Every line in the records below between the one holding "Enchanting Castle Canvas" and the one holding "Via XX Settembre, built", inclusive, is to be set down exactly; all other lines are to be left out.
─── Listed records
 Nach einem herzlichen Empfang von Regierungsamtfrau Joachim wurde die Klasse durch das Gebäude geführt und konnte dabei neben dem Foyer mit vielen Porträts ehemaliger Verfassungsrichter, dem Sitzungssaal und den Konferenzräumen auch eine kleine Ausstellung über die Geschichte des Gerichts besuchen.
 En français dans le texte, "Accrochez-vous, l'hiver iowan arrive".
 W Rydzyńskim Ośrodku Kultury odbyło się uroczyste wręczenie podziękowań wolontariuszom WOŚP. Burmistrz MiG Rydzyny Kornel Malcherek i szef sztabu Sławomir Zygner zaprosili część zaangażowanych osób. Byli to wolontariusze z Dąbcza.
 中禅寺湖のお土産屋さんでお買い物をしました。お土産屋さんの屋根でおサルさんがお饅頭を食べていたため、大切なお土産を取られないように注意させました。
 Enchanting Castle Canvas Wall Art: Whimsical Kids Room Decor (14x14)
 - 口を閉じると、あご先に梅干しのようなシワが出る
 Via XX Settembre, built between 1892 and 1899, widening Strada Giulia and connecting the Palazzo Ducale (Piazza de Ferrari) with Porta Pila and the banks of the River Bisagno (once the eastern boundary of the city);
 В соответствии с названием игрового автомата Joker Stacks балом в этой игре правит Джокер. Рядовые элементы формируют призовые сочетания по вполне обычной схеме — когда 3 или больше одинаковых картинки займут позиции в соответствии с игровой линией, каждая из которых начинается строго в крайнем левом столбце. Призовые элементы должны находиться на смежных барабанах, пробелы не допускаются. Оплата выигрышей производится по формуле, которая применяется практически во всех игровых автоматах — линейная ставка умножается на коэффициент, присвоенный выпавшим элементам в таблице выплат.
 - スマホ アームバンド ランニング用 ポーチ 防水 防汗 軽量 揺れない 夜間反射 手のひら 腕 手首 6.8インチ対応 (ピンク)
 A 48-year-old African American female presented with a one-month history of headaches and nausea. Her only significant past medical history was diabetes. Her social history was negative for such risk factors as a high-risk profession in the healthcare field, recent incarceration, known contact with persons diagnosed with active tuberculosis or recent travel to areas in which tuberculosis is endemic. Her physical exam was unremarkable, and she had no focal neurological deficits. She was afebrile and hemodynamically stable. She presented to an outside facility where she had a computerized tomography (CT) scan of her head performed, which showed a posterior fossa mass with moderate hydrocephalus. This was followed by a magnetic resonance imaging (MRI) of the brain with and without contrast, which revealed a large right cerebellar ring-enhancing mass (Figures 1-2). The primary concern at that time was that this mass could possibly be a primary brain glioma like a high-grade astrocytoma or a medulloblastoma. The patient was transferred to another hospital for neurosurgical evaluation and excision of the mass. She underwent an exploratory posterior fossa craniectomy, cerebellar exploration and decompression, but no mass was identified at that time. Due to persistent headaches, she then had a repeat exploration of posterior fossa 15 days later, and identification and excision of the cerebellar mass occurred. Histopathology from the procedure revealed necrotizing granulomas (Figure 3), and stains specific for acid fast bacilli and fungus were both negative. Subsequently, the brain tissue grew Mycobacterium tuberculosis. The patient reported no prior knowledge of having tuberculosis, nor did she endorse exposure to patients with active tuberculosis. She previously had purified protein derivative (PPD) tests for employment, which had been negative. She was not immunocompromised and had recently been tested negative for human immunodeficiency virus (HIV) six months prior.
──────
─── Listed records
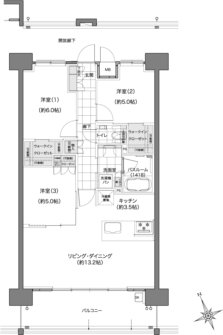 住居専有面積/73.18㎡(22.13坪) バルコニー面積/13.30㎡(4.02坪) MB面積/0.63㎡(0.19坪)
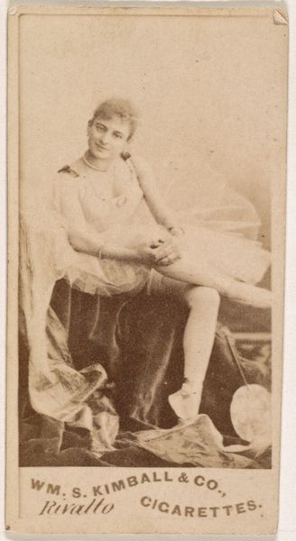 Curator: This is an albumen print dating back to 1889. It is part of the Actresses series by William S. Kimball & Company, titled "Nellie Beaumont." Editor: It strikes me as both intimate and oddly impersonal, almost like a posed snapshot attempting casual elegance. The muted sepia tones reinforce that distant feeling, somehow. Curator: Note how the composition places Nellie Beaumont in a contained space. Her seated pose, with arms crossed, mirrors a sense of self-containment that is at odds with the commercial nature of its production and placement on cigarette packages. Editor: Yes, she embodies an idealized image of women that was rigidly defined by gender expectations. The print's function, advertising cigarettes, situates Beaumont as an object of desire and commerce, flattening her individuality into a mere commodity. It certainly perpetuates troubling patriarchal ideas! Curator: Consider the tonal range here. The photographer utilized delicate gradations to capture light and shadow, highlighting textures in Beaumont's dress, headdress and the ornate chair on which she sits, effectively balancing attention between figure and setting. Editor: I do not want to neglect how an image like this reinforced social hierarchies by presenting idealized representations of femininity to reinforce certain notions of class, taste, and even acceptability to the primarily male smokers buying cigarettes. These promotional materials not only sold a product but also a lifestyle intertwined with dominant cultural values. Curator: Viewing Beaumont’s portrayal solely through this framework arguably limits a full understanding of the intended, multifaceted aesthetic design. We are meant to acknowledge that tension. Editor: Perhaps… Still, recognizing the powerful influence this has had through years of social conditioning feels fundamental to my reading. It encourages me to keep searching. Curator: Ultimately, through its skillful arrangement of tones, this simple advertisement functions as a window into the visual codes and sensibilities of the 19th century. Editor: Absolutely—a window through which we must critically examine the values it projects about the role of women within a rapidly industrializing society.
──────
**Reply to the task:**
 Enchanting Castle Canvas Wall Art: Whimsical Kids Room Decor (14x14)
 - 口を閉じると、あご先に梅干しのようなシワが出る
 Via XX Settembre, built between 1892 and 1899, widening Strada Giulia and connecting the Palazzo Ducale (Piazza de Ferrari) with Porta Pila and the banks of the River Bisagno (once the eastern boundary of the city);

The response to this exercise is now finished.